A hybrid roller coaster is a category of roller coasters that is defined as having the track made out of steel, while the support structure is made from wood. Though less common, this can also be flipped around, with the track made of wood with a steel running plate, and a support structure that is made of steel. An example of this is The Voyage at Holiday World. The wooden frame-steel track design of roller coaster is mostly known to be utilized by Rocky Mountain Construction in their I-Box track design, and Arrow Dynamic's Mine Train style roller coasters.

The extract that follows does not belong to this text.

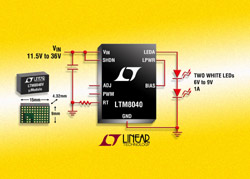 Le LTM8040 peut convertir une tension d’entrée, de 4 V à 36 V, en une tension plus basse, de 2,5 V à 13 V, ce qui convient au pilotage d’une grande variété de DEL de couleur et blanches dont les chutes de tension (VD) sont différentes. Le composant présente également les deux réglages de luminosité, analogique et par contrôle True Color PWM™, permettant de générer une couleur constante, avec un rapport de luminosité de 400 à 1. L’intensité du courant de DEL peut être contrôlée linéairement, de 0 A à 1 A, par une seule résistance. La fréquence de commutation par défaut est de 500 kHz, elle peut être réglée par une résistance pour un fonctionnement jusqu’à 2 MHz.
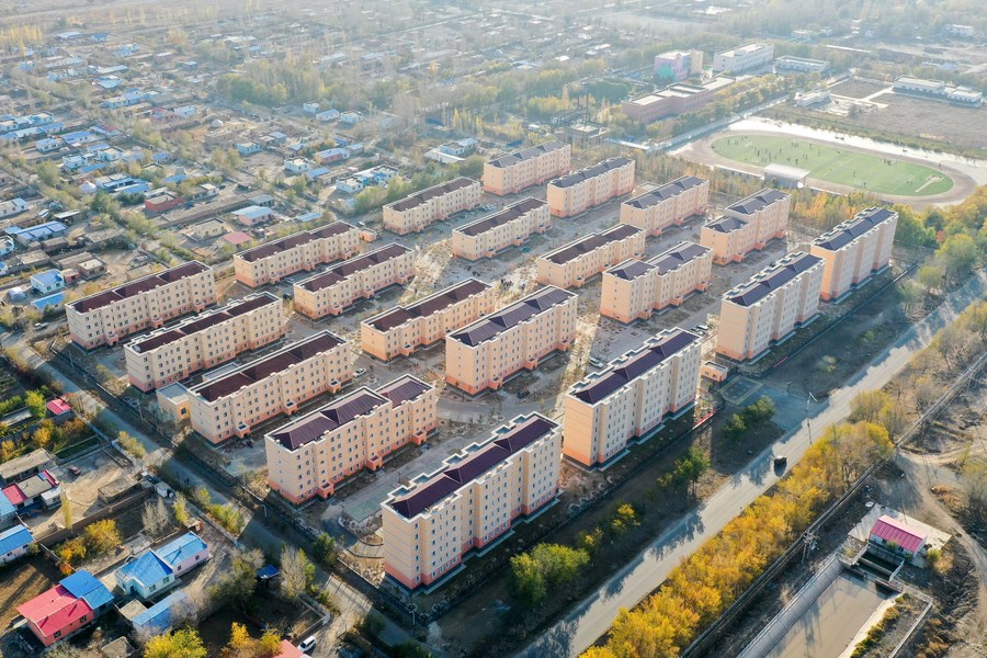 Aerial photo taken on Oct. 16, 2020 shows a residential area in Axili Town of Changji, northwest China's Xinjiang Uygur Autonomous Region. (Xinhua/Ding Lei)

This type of design has several benefits, such as making the ride feel smooth and like that of a steel roller coaster. Hybrid roller coasters can also have inversions, such as Steel Vengeance at Cedar Point. They also tend to be taller, faster, and have steeper drops than that of wooden coasters.

History 
The oldest operating hybrid roller coaster is Cyclone at Luna Park, opening in 1927, with the track being made from wood and the support structure being made of steel. Arrow Dynamics built many Mine Train style coasters such as Adventure Express at Kings Island in 1991, with the tracks being made of tubular steel, and the support structure being made of wood. Arrow Dynamics continued to build mine trains until 2002 when their last hybrid mine train was built. Most of the modern hybrid coasters being built today are made by Rocky Mountain Construction and The Gravity Group. Rocky Mountain Construction makes conversions of old wooden roller coasters to turn them into hybrids with steel track and wooden supports, such as New Texas Giant at Six Flags Over Texas. The Gravity Group designs coasters with wooden track but with a steel support structure, such as Hades 360 at Mount Olympus Theme Park.

Terminology 
The term "hybrid roller coaster" started to be used by the coaster community when New Texas Giant opened and Six Flags classified the roller coaster as wood. Six Flags in response of the confusion classified the roller coaster as a "hybrid", which has since been used to include many other Rocky Mountain Construction Coasters of the same style. Though usually coasters are still classified as either "steel" or "wood", based on what their track material is. The use of the phrase is controversial.

References

Further reading
Bennett, David (1998). Roller Coaster: Wooden and Steel Coasters, Twisters and Corkscrews.  Edison, New Jersey: Chartwell Books. 9. .

Coker, Robert (2002). Roller Coasters: A Thrill Seeker's Guide to the Ultimate Scream Machines.  New York: Metrobooks.  14.  .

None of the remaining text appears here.